Holding the lands of the village by hereditary right, by grant, conquest, or purchase, he collects his rents from the villages through a small staff of peons, or un-official police. The accounts are kept by another important village functionary—the putwarrie, or village accountant. Putwarries belong to the writer or Kayasth caste. They are probably as clever, and at the same time as unscrupulous as any class in India. They manage the most complicated accounts between ryot and landlord with great skill. Their memories are wonderful, but they can always forget conveniently. Where ryots are numerous, the landlord’s wants pressing, and frequent calls made on the tenantry for payment, often made in various kinds of grain and produce, the rates and prices of which are constantly changing, it is easy to imagine the complications and intricacies of a putwarrie’s account. Each ryot pretty accurately remembers his own particular indebtedness, but woe to him if he pays the putwarrie the value of a ‘red cent’ without taking a receipt. Certainly there may be a really honest putwarrie, but I very much doubt it. The name stands for chicanery and robbery. On the one hand the landlord is constantly stirring him up for money, questioning his accounts, and putting him not unfrequently to actual bodily coercion.
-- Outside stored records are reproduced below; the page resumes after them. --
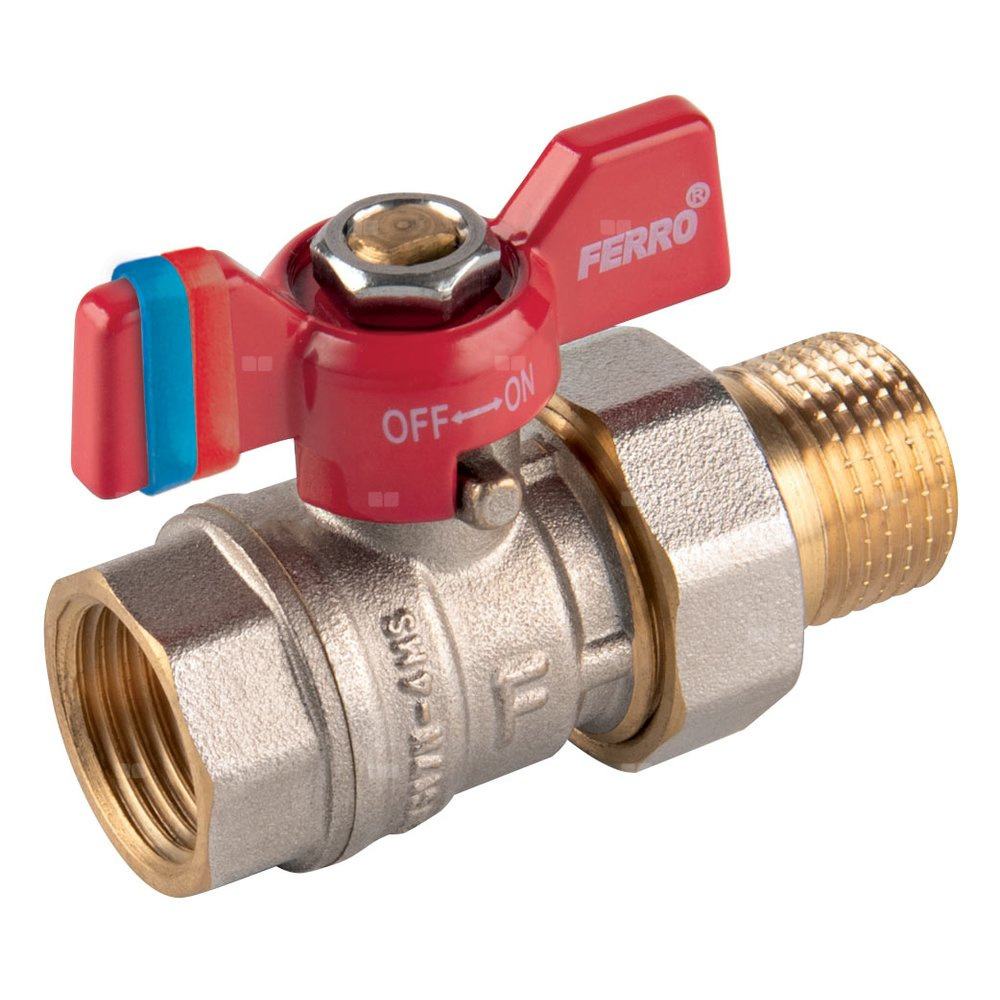 • nakrętno-wkrętny ze śrubunkiem • z dławikiem • uchwyt: metalowy motylek • materiał korpusu i kuli: mosiądz • materiał uszczelnień kuli i trzpienia: PTFE • ciśnienie nominalne: 20 bar (PN20) • maksymalna temperatura pracy: 100°C
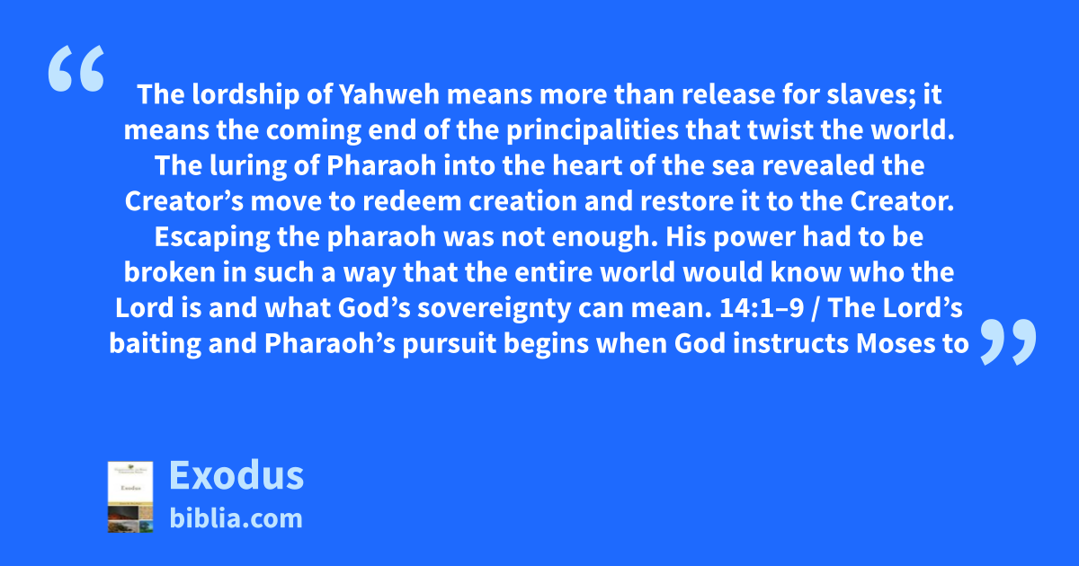 The lordship of Yahweh means more than release for slaves; it means the coming end of the principalities that twist the world. The luring of Pharaoh into the heart of the sea revealed the Creator’s move to redeem creation and restore it to the Creator. Escaping the pharaoh was not enough. His power had to be broken in such a way that the entire world would know who the Lord is and what God’s sovereignty can mean. 14:1–9 / The Lord’s baiting and Pharaoh’s pursuit begins when God instructs Moses to
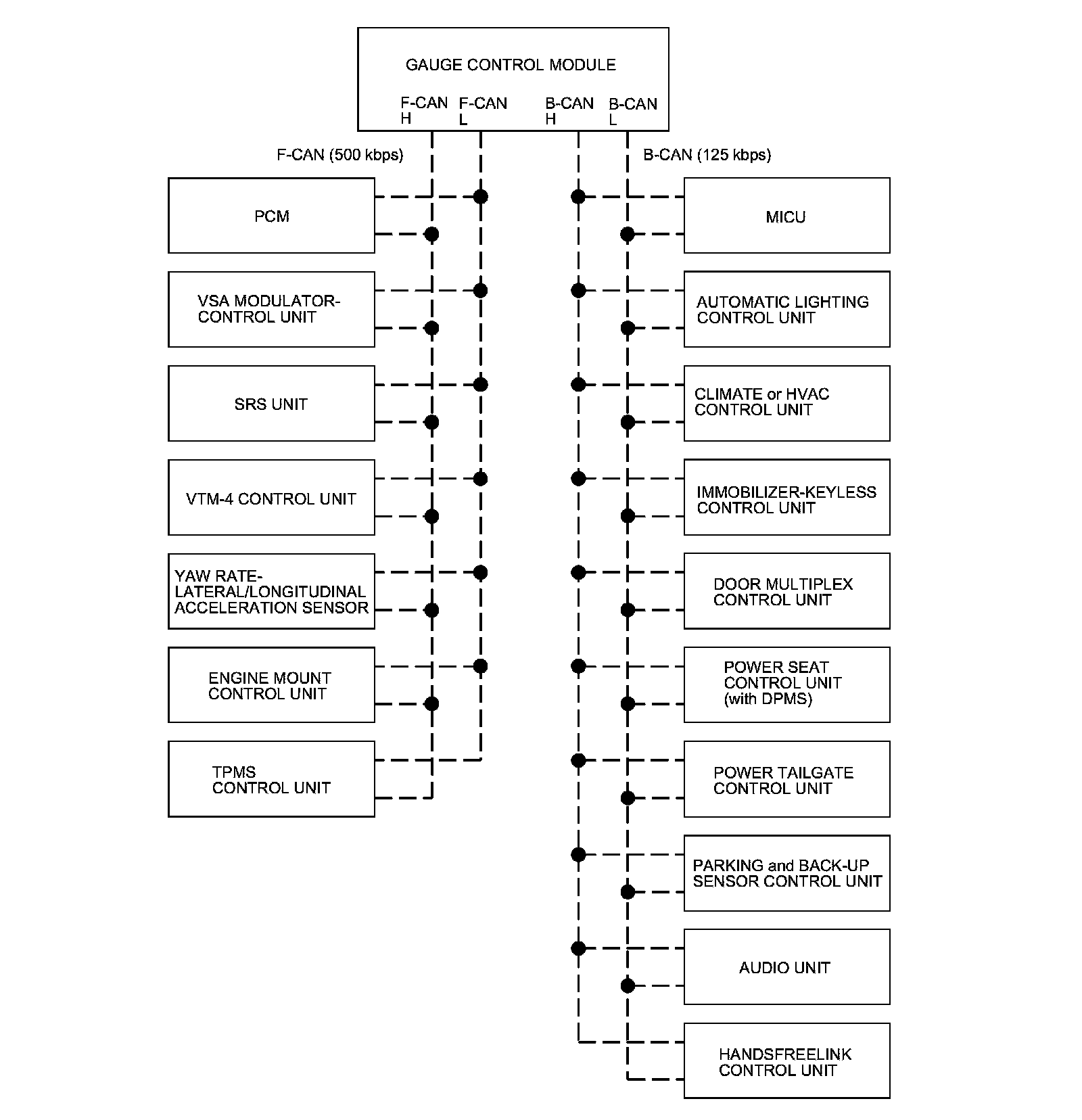 The gauge control module acts as a gateway to allow both systems to share information, the gauge control module translates and relays the information from B-CAN to F-CAN and from F-CAN to B-CAN.
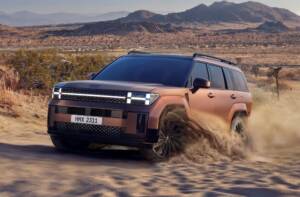Driving Hyundai’s latest Sante Fe Hybrid – behind the wheel noticeably larger to its predecessor, now squarer edged, a very roomy seven-seater with exceptional cargo space but if anything it looks a little tail heavy due to an enlarged tailgate. This latest Hyundai Sante Fe initially available as a 1.6-litre turbo petrol hybrid six speed automatic in a base model, mid-spec Elite and top-grade Calligraphy – and depending on model, front or all-wheel drive. A 2.5-litre pure petrol 8-speed automatic arrives late this year. I tested the Elite all-wheel drive, now $2,000 dearer at $65,000 plus on-road costs. The hybrid power trains 172kW of power, 367Nm of torque more than adequate – providing excellent fuel economy – I managed 7.7L./100km around town and on 91 grade petrol. Economy aided by three levels of regenerative braking and in its highest level you hardly need to touch the brakes. Biggest annoyance the speed limit warning and driver attention monitor – both features need more development and refinement and are just plain annoying and of no real driver benefit. They can be switched off but every time you start the car they renew. Like a lot of the new Chinese SUV’s these warning chimes are distractive, and a turn off to most drivers. I’m David Berthon.
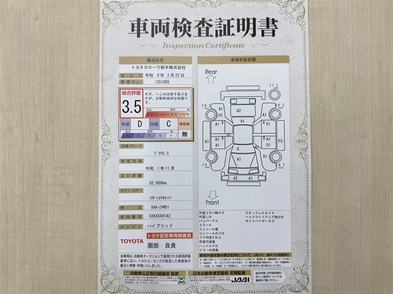 詳細及び現状の車両状態につきましては、店舗スタッフまでお尋ねください。 - 注2)上記と同様の評価点・状態表を「車両検査証明書」として店舗の展示車両に搭載しております。
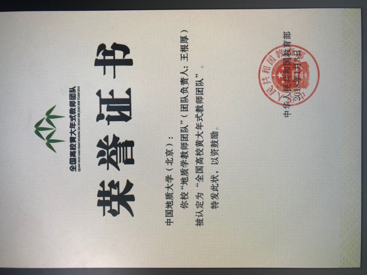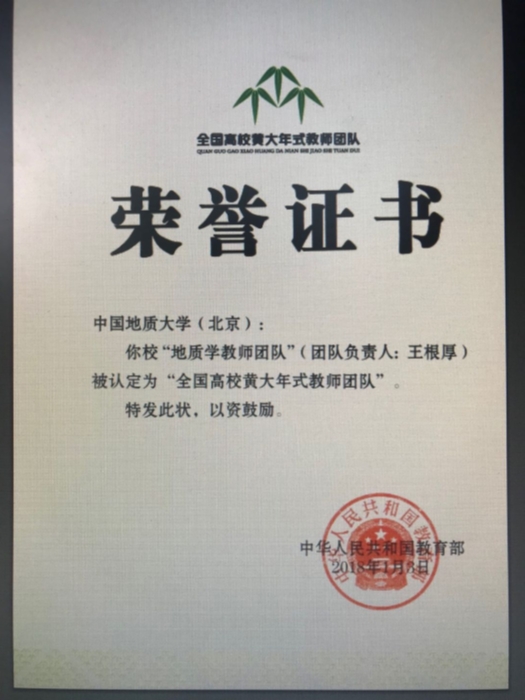 2018年,地质学教学团队获全国高校黄大年式教师团队,中华人民共和国教育部
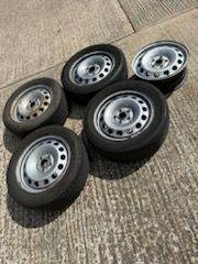 VW Caddy Van wheels. Set of 5 rims and 4 tyres (205/55 R16 94H) some light surface rust on rims. Selling as a set. Tyres are Bridgestone Turanza £210.00 + Vat. (Worthing)

The ryot on the other hand is constantly inventing excuses, getting up delays, and propounding innumerable reasons why he cannot pay. He will try to forge receipts, he will get up false evidence that he has already paid, and the wretched putwarrie needs all his native and acquired sharpness, to hold his own. But all ryots are not alike, and when the putwarrie gets hold of some unwary and ignorant bumpkin whom he can plunder, he does plunder him systematically. All cowherds are popularly supposed to be cattle lifters, and a putwarrie after he has got over the stage of infancy, and has been indoctrinated into all the knavery that his elders can teach him, is supposed to belong to the highest category of villains. A popular proverb, much used in Behar, says:—
’Unda poortee, Cowa maro!
Iinnum me, billar:
Bara burris me, Kayashh marige!!
Humesha mara gwar!!’
This is translated thus: ’When the shell is breaking kill the crow, and the wild cat at its birth.’ A Kayasth, writer, or putwarrie, may be allowed to live till he is twelve years old, at which time he is sure to have learned rascality. Then kill him; but kill gwars or cowherds any time, for they are invariably rascals. There is a deal of grim bucolic humour in this, and it very nearly hits the truth.